> Dataset content
========

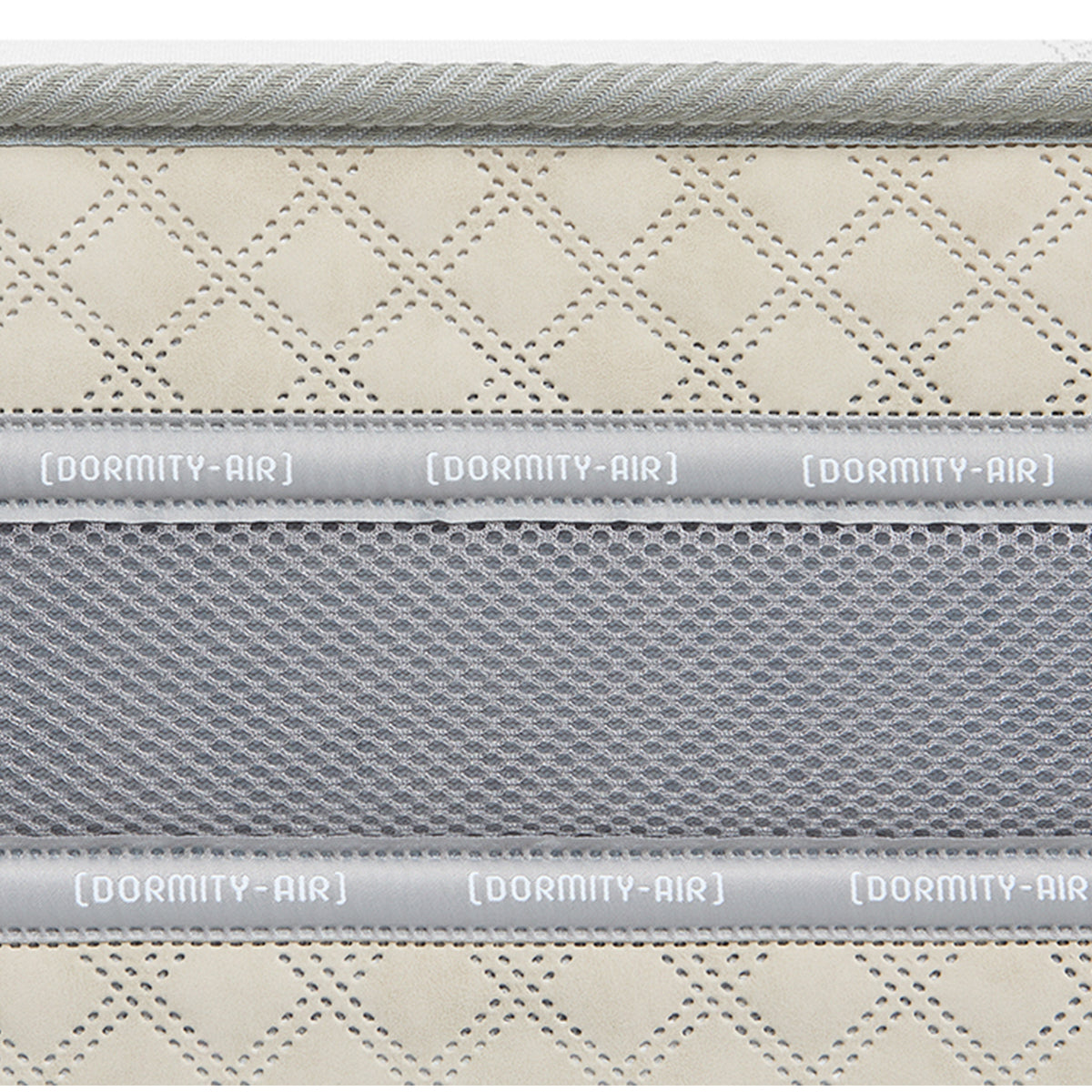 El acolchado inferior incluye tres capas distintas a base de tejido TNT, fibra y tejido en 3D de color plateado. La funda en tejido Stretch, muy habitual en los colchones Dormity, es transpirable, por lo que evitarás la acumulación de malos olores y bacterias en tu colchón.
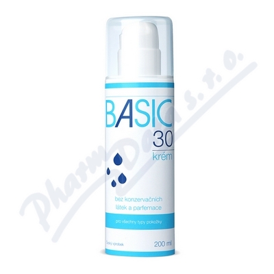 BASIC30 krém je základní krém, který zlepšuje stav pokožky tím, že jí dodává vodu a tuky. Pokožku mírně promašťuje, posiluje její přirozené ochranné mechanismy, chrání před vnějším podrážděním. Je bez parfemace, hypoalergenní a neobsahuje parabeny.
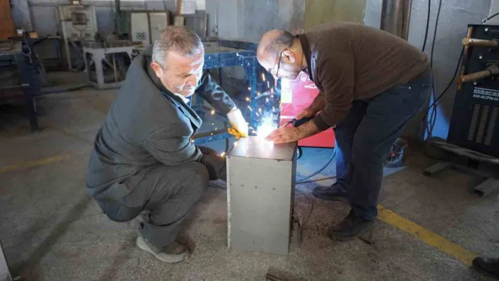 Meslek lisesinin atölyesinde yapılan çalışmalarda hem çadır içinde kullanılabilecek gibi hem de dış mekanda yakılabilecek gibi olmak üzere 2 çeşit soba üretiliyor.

========

Give back the full listing exactly, with pictures dropped.

> Written solution
 El acolchado inferior incluye tres capas distintas a base de tejido TNT, fibra y tejido en 3D de color plateado. La funda en tejido Stretch, muy habitual en los colchones Dormity, es transpirable, por lo que evitarás la acumulación de malos olores y bacterias en tu colchón.
 BASIC30 krém je základní krém, který zlepšuje stav pokožky tím, že jí dodává vodu a tuky. Pokožku mírně promašťuje, posiluje její přirozené ochranné mechanismy, chrání před vnějším podrážděním. Je bez parfemace, hypoalergenní a neobsahuje parabeny.
 Meslek lisesinin atölyesinde yapılan çalışmalarda hem çadır içinde kullanılabilecek gibi hem de dış mekanda yakılabilecek gibi olmak üzere 2 çeşit soba üretiliyor.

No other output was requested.